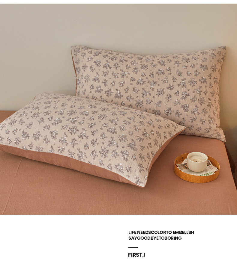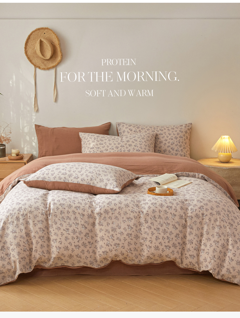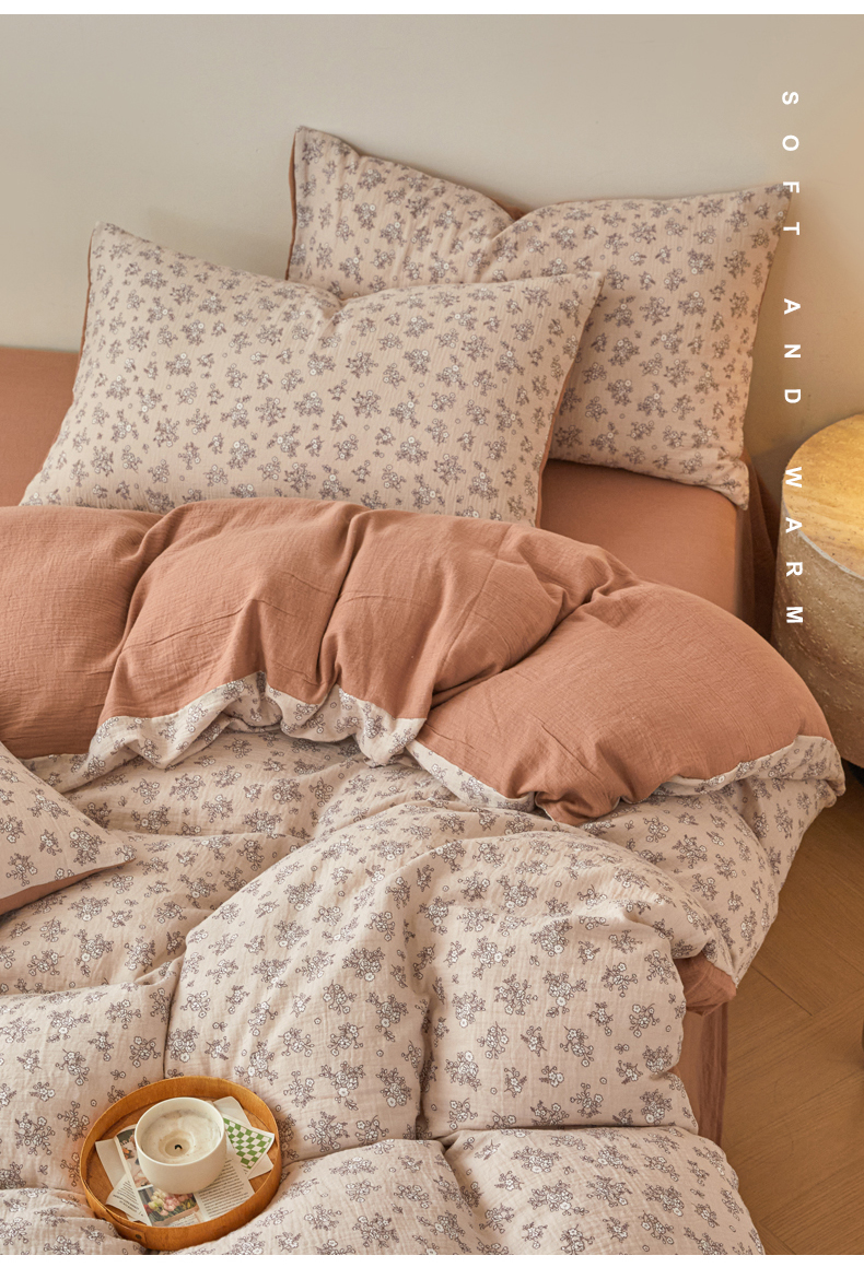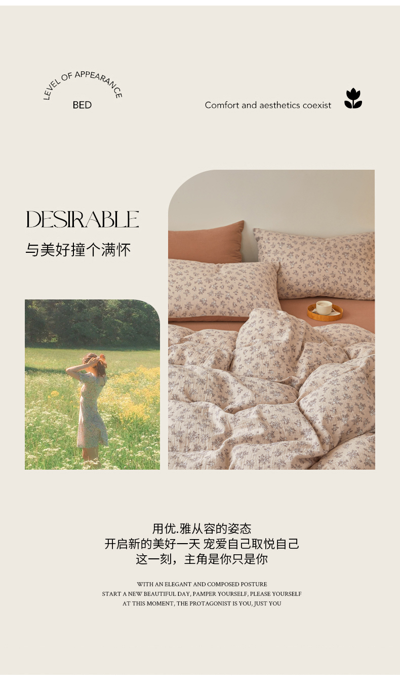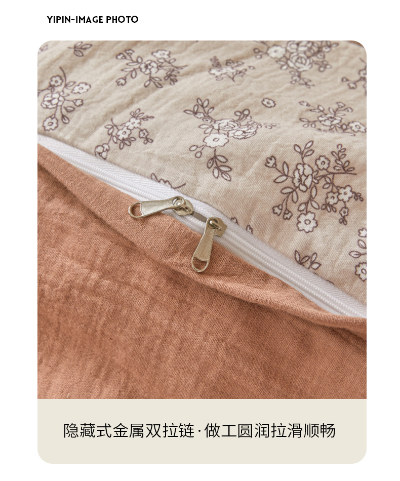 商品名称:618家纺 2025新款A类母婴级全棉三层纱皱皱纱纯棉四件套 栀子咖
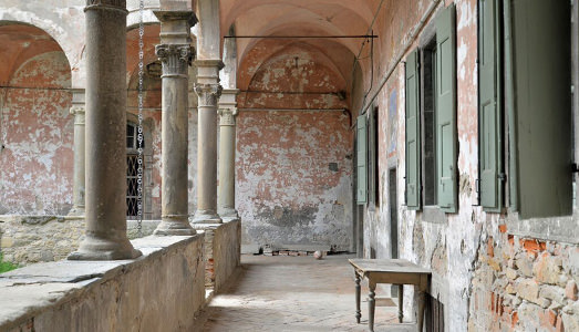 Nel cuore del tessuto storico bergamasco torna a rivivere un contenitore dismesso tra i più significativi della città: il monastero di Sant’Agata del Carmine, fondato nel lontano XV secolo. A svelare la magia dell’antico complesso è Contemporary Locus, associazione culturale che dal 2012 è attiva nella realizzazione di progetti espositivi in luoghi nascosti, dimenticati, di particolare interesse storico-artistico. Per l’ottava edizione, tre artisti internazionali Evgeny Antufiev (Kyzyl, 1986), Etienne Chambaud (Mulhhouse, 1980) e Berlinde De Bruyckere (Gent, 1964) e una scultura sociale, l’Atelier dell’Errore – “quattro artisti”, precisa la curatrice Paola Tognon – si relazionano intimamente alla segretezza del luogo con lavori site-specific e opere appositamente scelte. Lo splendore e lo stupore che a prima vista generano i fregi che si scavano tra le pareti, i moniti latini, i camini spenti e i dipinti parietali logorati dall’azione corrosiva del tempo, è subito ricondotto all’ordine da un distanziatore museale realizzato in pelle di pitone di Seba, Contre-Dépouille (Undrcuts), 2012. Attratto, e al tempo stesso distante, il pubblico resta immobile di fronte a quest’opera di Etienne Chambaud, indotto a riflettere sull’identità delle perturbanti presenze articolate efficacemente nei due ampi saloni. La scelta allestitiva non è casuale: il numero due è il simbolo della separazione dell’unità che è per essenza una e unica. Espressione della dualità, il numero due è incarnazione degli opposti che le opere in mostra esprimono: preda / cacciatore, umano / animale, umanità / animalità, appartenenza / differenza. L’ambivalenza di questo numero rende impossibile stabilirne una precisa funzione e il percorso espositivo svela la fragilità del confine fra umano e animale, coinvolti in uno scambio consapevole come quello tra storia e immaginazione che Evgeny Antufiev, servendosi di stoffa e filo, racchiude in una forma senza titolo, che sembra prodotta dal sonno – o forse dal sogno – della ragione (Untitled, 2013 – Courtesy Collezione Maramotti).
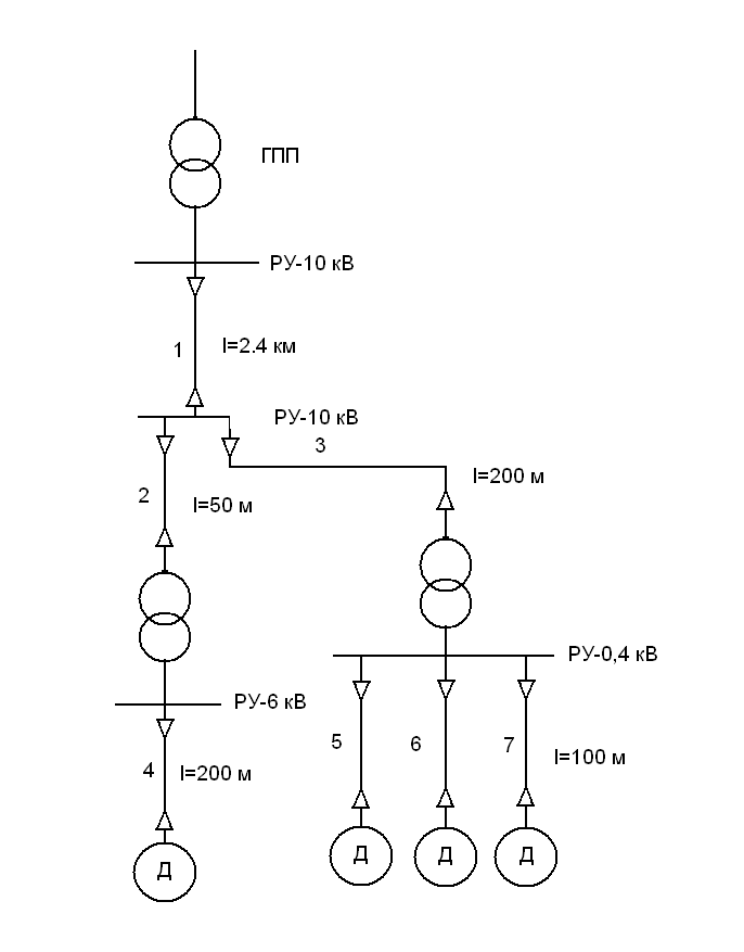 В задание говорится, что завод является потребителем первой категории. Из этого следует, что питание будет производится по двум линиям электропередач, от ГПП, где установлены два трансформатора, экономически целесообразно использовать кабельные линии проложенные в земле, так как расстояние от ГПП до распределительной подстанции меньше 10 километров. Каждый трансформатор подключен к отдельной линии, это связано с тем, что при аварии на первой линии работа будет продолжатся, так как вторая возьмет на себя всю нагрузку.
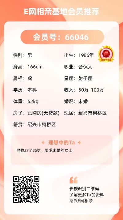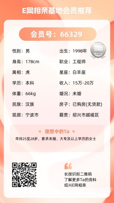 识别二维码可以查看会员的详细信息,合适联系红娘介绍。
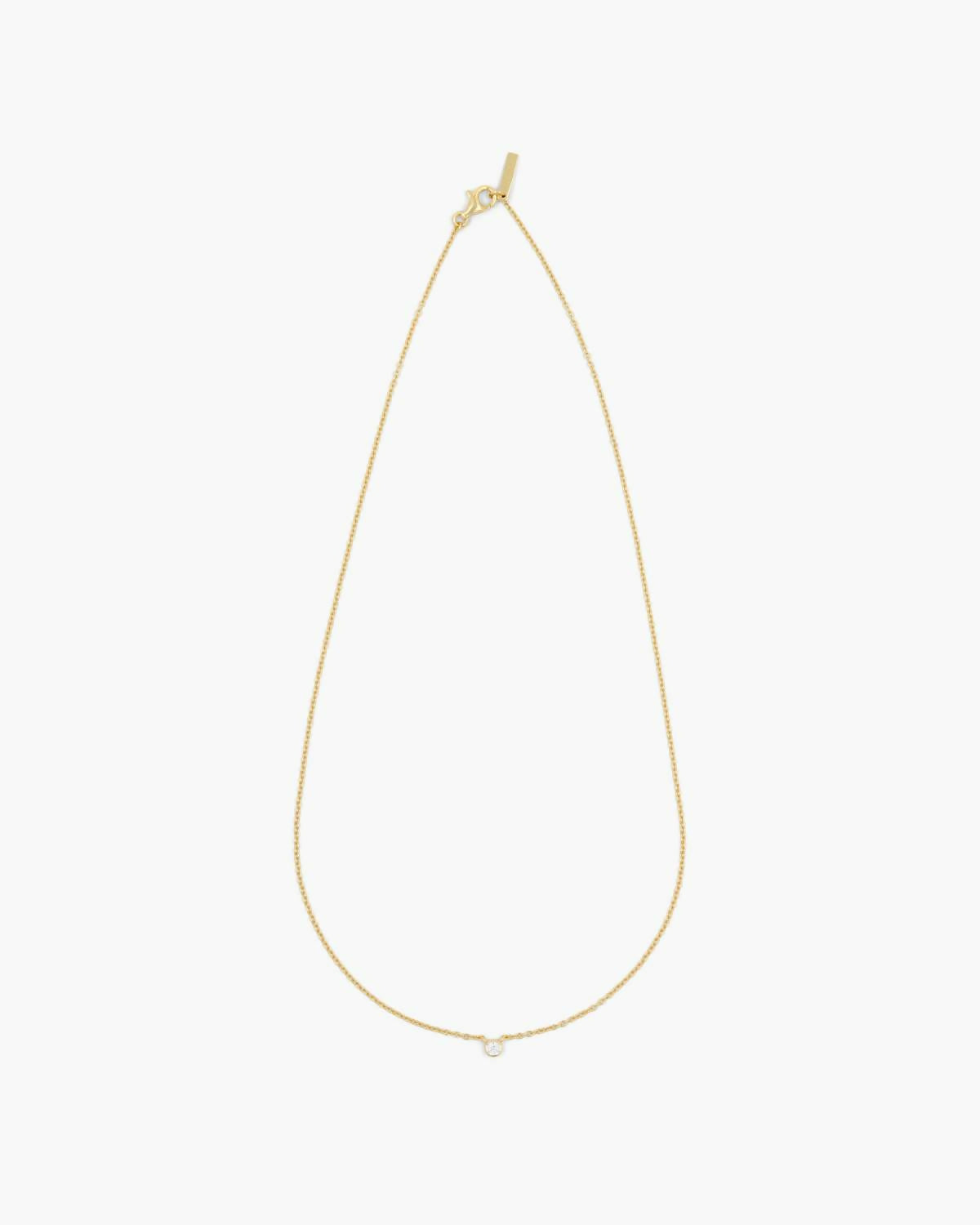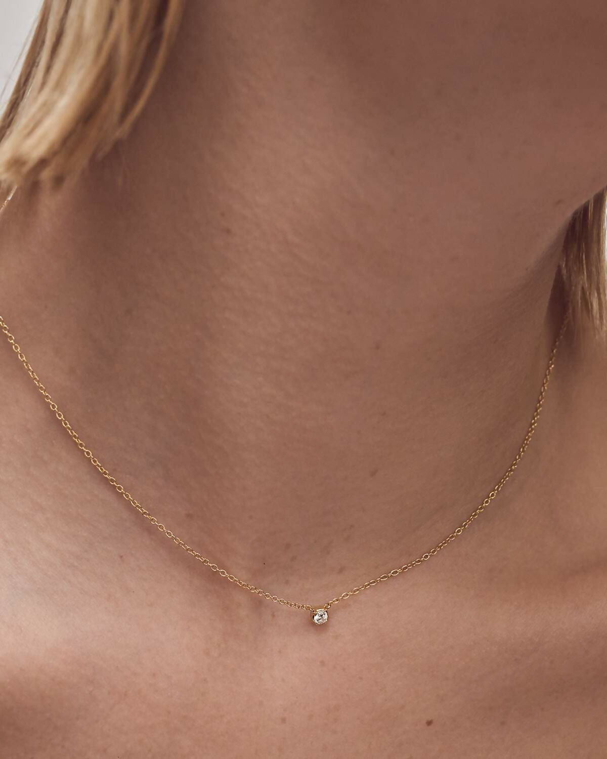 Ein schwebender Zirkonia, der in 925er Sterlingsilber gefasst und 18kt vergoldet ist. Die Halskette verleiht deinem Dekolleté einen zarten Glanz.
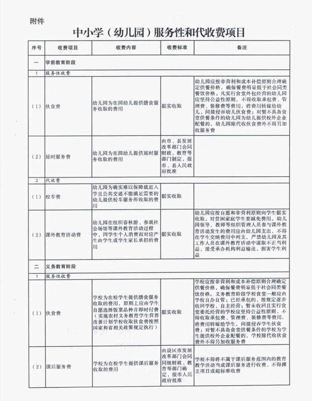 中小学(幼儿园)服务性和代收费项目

════════════════════

Task item: From the line containing "识别二维码可以查看会员的详细信息,合适联系红娘介绍。" down to the end of the listing above, every line is to be returned exactly, though the pictures are not.

Result of this task:
 识别二维码可以查看会员的详细信息,合适联系红娘介绍。
 Ein schwebender Zirkonia, der in 925er Sterlingsilber gefasst und 18kt vergoldet ist. Die Halskette verleiht deinem Dekolleté einen zarten Glanz.
 中小学(幼儿园)服务性和代收费项目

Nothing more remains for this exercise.